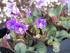 SHADE PERENNIALSViola walteri 'Silver Gem' (ex: Jonathan Lehrer) - A lovely mat-forming to slightly mounding violet with silvery foliage nicely demarcated with green veining. Though generally not much seen leaf undersides are a deep, rich purple. However, some leaves do cup offering glimpses of the beautiful, contrasting purple. Early in the growing season typical violet-blue flowers rise above the silvery leaves. This perennial can bloom repeatedly with successive flowering into the autumn. It is a dense, neat and tidy grower introduced by Mt. Cuba Center in northern Delaware. Best planted in fertile soil in full to part shade. Often found growing in calcareous conditions the addition of dolomitic limestone may be helpful. The species ranges from Florida to Texas, north to West Virginia, into southern Ohio, Kentucky and Arkansas. 'Silver Gem' has good drought tolerance once established. Pot grown Division.
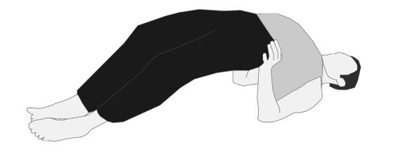 Лежа на спине, ноги сгибаем в коленях, стопы на пол, ближе к бедрам. Руки сгибаем в локтях, ладони за плечи, пальцы рук направлены к лопаткам. Отталкиваемся руками и ногами, приподнимаем корпус вверх, переносим вес тела на правую руку. Левое предплечье опускаем на пол. Переносим вес тела на левое предплечье, опускаем правое предплечье на пол. Голову опускаем в ладони, сложенные в форме чаши. Вес на предплечья. Разгибаем колени, стопы на полу. Таз толкаем вверх, ноги прямые (РИС. 60).
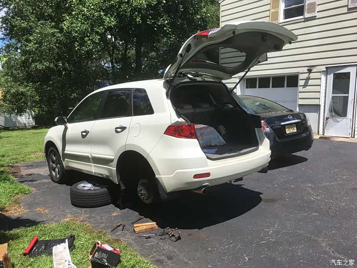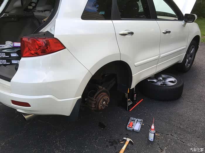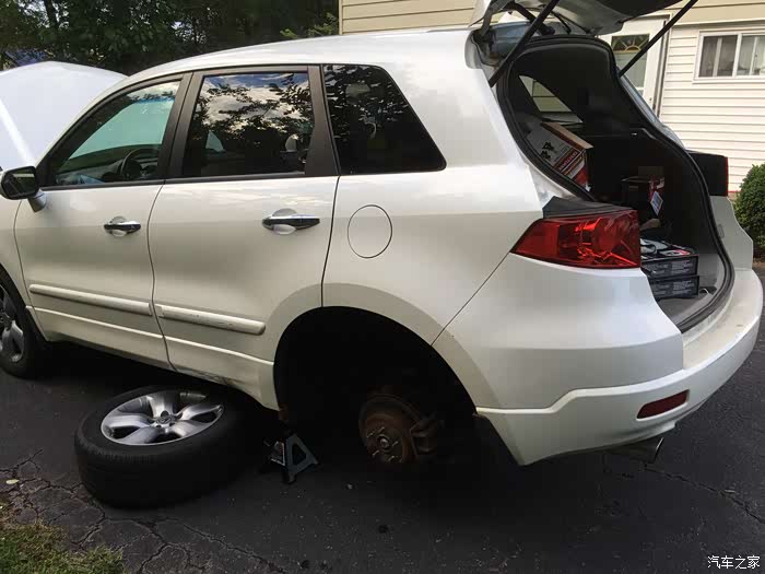 RDX论坛朋友们好!我朋友这辆讴歌RDX是2009年的,是讴歌RDX的第一代。我之前发过给这辆车换转向助力油,冷却液,机油机滤的帖子。上次换油时候给他检查了刹车,发现后刹车盘片已经出现了铁磨铁的情况了。事不宜迟,叫车主买了后轴的两个新盘,和一套四片的刹车片,品牌上为了省事没有网购邮寄,直接在连锁汽配店Advance Auto Parts的网站下单,店里提货,用的是他们店里的牌子Carquest。 店家网站查零件号时候发现这一代讴歌RDX的刹车配件跟同年代的我的本田CRV是一样的。 网上一查,原来RDX和CRV本来就是同平台的,大小差不多,变速箱也都是本田的老5AT,主要区别在发动机,RDX是2.3涡轮,CRV是2.4自吸。当然,人家挂讴歌标的,整体用料做工更好。这也就相当于雷克萨斯NX和我的丰田Rav4的关系了。 这给他换刹车,正好给我以后给自己车子换练手了。
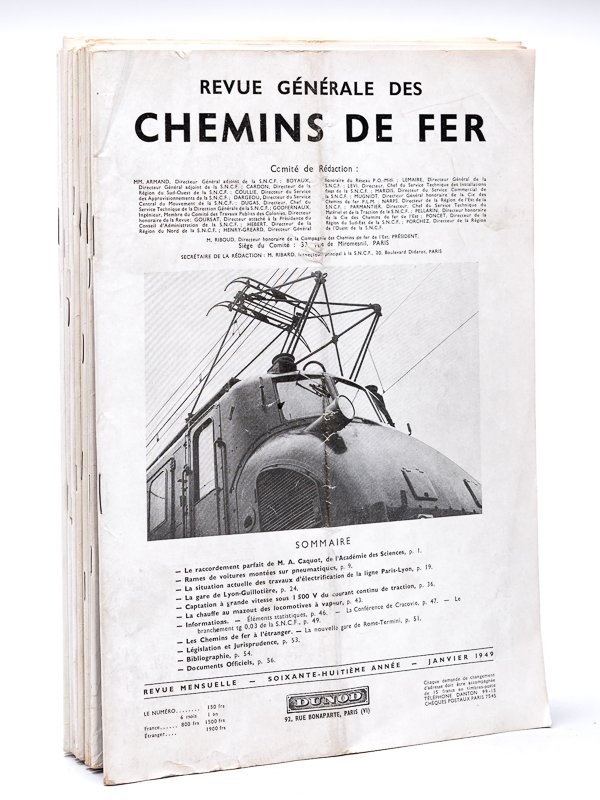 12 numéros in-4 br., Revue Générale des Chemins de Fer, 1949, 580 pp. Au sommaire notamment : La chaïne de fabrication ds wagons à primeurs de la SNCF ; Un autocar sur rails, l'autorail Floirat et sa remorque ; le wagon-instruction freins de la Région du Sud-Ouest ; La théorie de la chaleur et le chauffage électrique des voitures de chemin de fer ; TRains de pélerinage, méthodes utilisées pour la rotation ; La gare de triage de Tergnier ; les locomotives à vapeur type 241-P ; Mesure de la résilience des rails ; La traction Diesel-électrique dans les territoires d'outre-mer ; L'éclairage des chantiers de triage à la SNCF ; l'emploi du sabot enrayage ; les locomotives électriques à courant continu 1500 volts ; rail américain et rail français ; La reconstruction des ponts métalliques de la ligne de Vierzon ; les essais de la première locomotive électrique du prototype CC ; un appareil à enregistrer les chocs des wagons ; la construction en acier doux soudé d'une rame sur pneumatiques ; la transformation des gares de Dijon et Perrigny ; la locomotive électrique CC 7001 ; les transports ferroviaires en zone française d'occupation en Allemagne ; le nouveau triage de Toulouse-Saint-Jory ; la nouvelle gare maritime du Havre ; les poteaux en béton précontraint utilisés pour supporter la caténaire sur la ligne Paris-Lyon ; La traction électrique sur la ligne -ParisLyon et la formation préalable du personnel spécialisé ; Les câbles téléphoniques de la ligne de Paris à Lyon ; Amélioration des locomotives Mikado de la Région de l'Ouest ; La reconstruction du Pont de Roppenheim ; Captation à grande vitesse sous 1500 V du courant continu de traction ; La gare de Lyon-Guillotière. Complet des 12 numéros de l'année 1949. Etat très satisfaisant (qq. couv. lég. frottées). Prix du lot non séparable.

# [Work order]
Please transcribe the whole listing above exactly, with the images left out.

# [Answer to the exercise]
 SHADE PERENNIALSViola walteri 'Silver Gem' (ex: Jonathan Lehrer) - A lovely mat-forming to slightly mounding violet with silvery foliage nicely demarcated with green veining. Though generally not much seen leaf undersides are a deep, rich purple. However, some leaves do cup offering glimpses of the beautiful, contrasting purple. Early in the growing season typical violet-blue flowers rise above the silvery leaves. This perennial can bloom repeatedly with successive flowering into the autumn. It is a dense, neat and tidy grower introduced by Mt. Cuba Center in northern Delaware. Best planted in fertile soil in full to part shade. Often found growing in calcareous conditions the addition of dolomitic limestone may be helpful. The species ranges from Florida to Texas, north to West Virginia, into southern Ohio, Kentucky and Arkansas. 'Silver Gem' has good drought tolerance once established. Pot grown Division.
 Лежа на спине, ноги сгибаем в коленях, стопы на пол, ближе к бедрам. Руки сгибаем в локтях, ладони за плечи, пальцы рук направлены к лопаткам. Отталкиваемся руками и ногами, приподнимаем корпус вверх, переносим вес тела на правую руку. Левое предплечье опускаем на пол. Переносим вес тела на левое предплечье, опускаем правое предплечье на пол. Голову опускаем в ладони, сложенные в форме чаши. Вес на предплечья. Разгибаем колени, стопы на полу. Таз толкаем вверх, ноги прямые (РИС. 60).
 RDX论坛朋友们好!我朋友这辆讴歌RDX是2009年的,是讴歌RDX的第一代。我之前发过给这辆车换转向助力油,冷却液,机油机滤的帖子。上次换油时候给他检查了刹车,发现后刹车盘片已经出现了铁磨铁的情况了。事不宜迟,叫车主买了后轴的两个新盘,和一套四片的刹车片,品牌上为了省事没有网购邮寄,直接在连锁汽配店Advance Auto Parts的网站下单,店里提货,用的是他们店里的牌子Carquest。 店家网站查零件号时候发现这一代讴歌RDX的刹车配件跟同年代的我的本田CRV是一样的。 网上一查,原来RDX和CRV本来就是同平台的,大小差不多,变速箱也都是本田的老5AT,主要区别在发动机,RDX是2.3涡轮,CRV是2.4自吸。当然,人家挂讴歌标的,整体用料做工更好。这也就相当于雷克萨斯NX和我的丰田Rav4的关系了。 这给他换刹车,正好给我以后给自己车子换练手了。
 12 numéros in-4 br., Revue Générale des Chemins de Fer, 1949, 580 pp. Au sommaire notamment : La chaïne de fabrication ds wagons à primeurs de la SNCF ; Un autocar sur rails, l'autorail Floirat et sa remorque ; le wagon-instruction freins de la Région du Sud-Ouest ; La théorie de la chaleur et le chauffage électrique des voitures de chemin de fer ; TRains de pélerinage, méthodes utilisées pour la rotation ; La gare de triage de Tergnier ; les locomotives à vapeur type 241-P ; Mesure de la résilience des rails ; La traction Diesel-électrique dans les territoires d'outre-mer ; L'éclairage des chantiers de triage à la SNCF ; l'emploi du sabot enrayage ; les locomotives électriques à courant continu 1500 volts ; rail américain et rail français ; La reconstruction des ponts métalliques de la ligne de Vierzon ; les essais de la première locomotive électrique du prototype CC ; un appareil à enregistrer les chocs des wagons ; la construction en acier doux soudé d'une rame sur pneumatiques ; la transformation des gares de Dijon et Perrigny ; la locomotive électrique CC 7001 ; les transports ferroviaires en zone française d'occupation en Allemagne ; le nouveau triage de Toulouse-Saint-Jory ; la nouvelle gare maritime du Havre ; les poteaux en béton précontraint utilisés pour supporter la caténaire sur la ligne Paris-Lyon ; La traction électrique sur la ligne -ParisLyon et la formation préalable du personnel spécialisé ; Les câbles téléphoniques de la ligne de Paris à Lyon ; Amélioration des locomotives Mikado de la Région de l'Ouest ; La reconstruction du Pont de Roppenheim ; Captation à grande vitesse sous 1500 V du courant continu de traction ; La gare de Lyon-Guillotière. Complet des 12 numéros de l'année 1949. Etat très satisfaisant (qq. couv. lég. frottées). Prix du lot non séparable.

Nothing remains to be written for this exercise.